Freeform Writing Exercise B1
- Le Passé Composé is used to express an action that happened in the past and has finished in the present. It is used mainly like that (equivalent to the English simple past).
Hier j’ai mangé des légumes = Yesterday I ate vegetables
Ce matin je me suis lavé la figure = This morning I washed my face
- It can also be used to express a fact that has been true in the past and will always be true into the future. In this instance it is the equivalent to the English present perfect.
J’ai toujours voulu apprendre le français = I have always wanted to learn French
Je me suis toujours entouré(e) de gens merveilleux = I have always been surrounded by wonderful people
Je me suis toujours intéressé(e) aux oiseaux = I have always been interested in birds
I hope this is helpful.
Bonne journée !
To give an example:
J'ai toujours voulu apprendre le français. -- I've always wanted to learn French.Je voulais apprendre le français quand j'étais jeun. -- I wanted to learn French when I was young.

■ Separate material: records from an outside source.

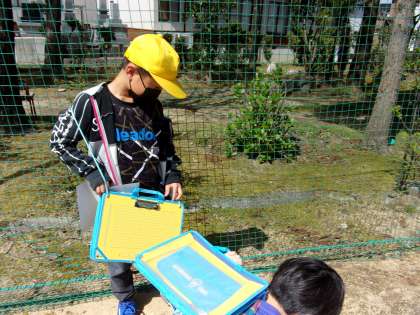 学校の周りには、どのような春の植物や生き物がいるのかを調べました。
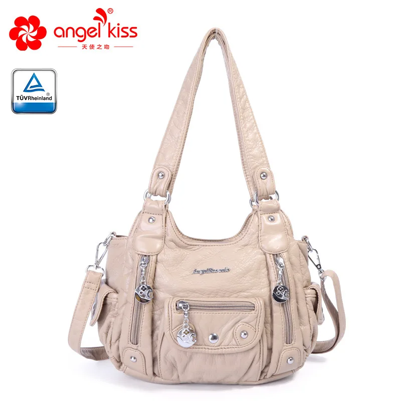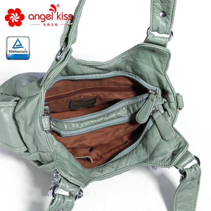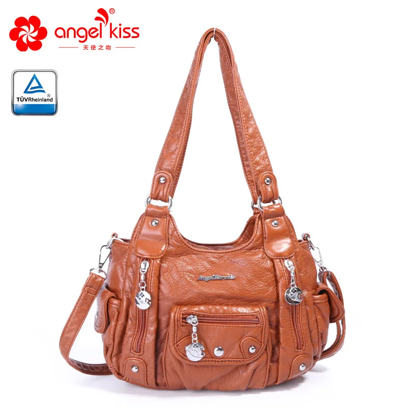 SPECIAL OFFERS Cheap SPECIAL PRICE Angelkiss Fashion 2 Top Zipper Soft Washed PU Leather Handbag Satchels Women Messenger Bags Purses With Free Gift Limited
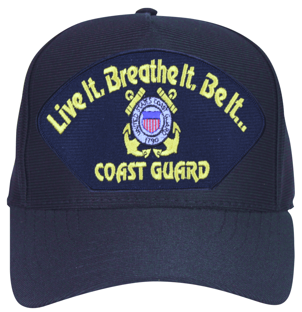 This Live it, Breathe it, Be it ... Coast Guard with Emblem Ball Cap is an emblematic, poly, dark under the visor cap. Each has an adjustable strap, and is available as a 5 panel high profile or 6 panel low profile cap. All MilitaryBest caps are fully guaranteed. Some people call them Military Covers or Military Hats. This Military Cap is proudly Made in The U.S.A.For caps ordered with custom embroidered personalized text please allow an additional 3 to 5 days production time. All custom back text will be embroidered in ALL CAPITAL LETTERS. Caps with back text or eggs are non-returnable unless there is a material defect in the cap. If a style is not selected the cap will be made using a high profile style cap as pictured.
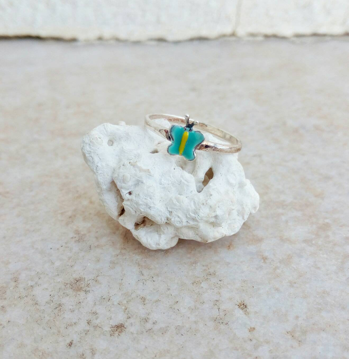 Silver butterfly ring, 925. A thin band ring made for every girl! Wear it as knuckle ring or just a little finger ring. Perfect gift idea as your little sister gift as it comes in small sizes and its awful cute!!! A thin resin layer on top in order to protect the colors...
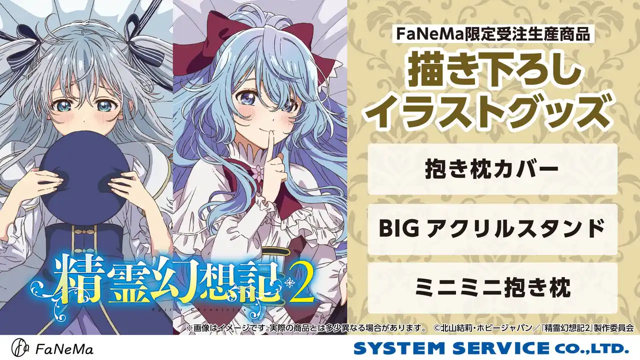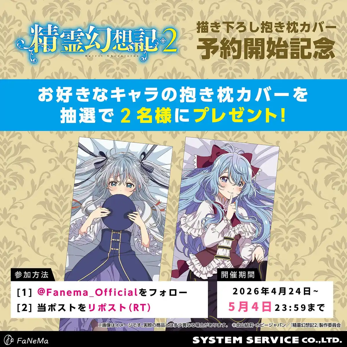 システムサービス株式会社(本社:東京都豊島区、代表取締役社長:田村宗弘)は、アニメ・マンガ・ゲーム作品等のキャラクター商品の企画・製作・販売をする自社ECサイト「FaNeMa」(URL:https://fanema.jp/)にて、TVアニメ『精霊幻想記2』より「抱き枕カバー」「ミニミニ抱き枕」「BIGアクリルスタンド」を発売いたします。 さらに、新商品発売を記念したX(旧Twitter)フォロー&リポストキャンペーンも実施いたします。 |

The first sentence talks about something that started in the past and is still true in the present. The second one talks about a state (not a single event) that is over in the past and doesn't extend to the present.
This common and correct usage of passé composé is hard to glean from virtually all the articles I have read on French past tense. Even in the linked article, it is not really clearly explained, other than by looking closely at the list of words mostly triggering imparfait or passé composé : you will see < toujours > sits in both groups, with the distinction of either being completed ( imparfait ), or still true at present ( passé composé ).
And yes, at first, I thought this was contrary to everything else I understood about the 2 tenses ! However, sometimes (often) grammar is not to be understood, just known.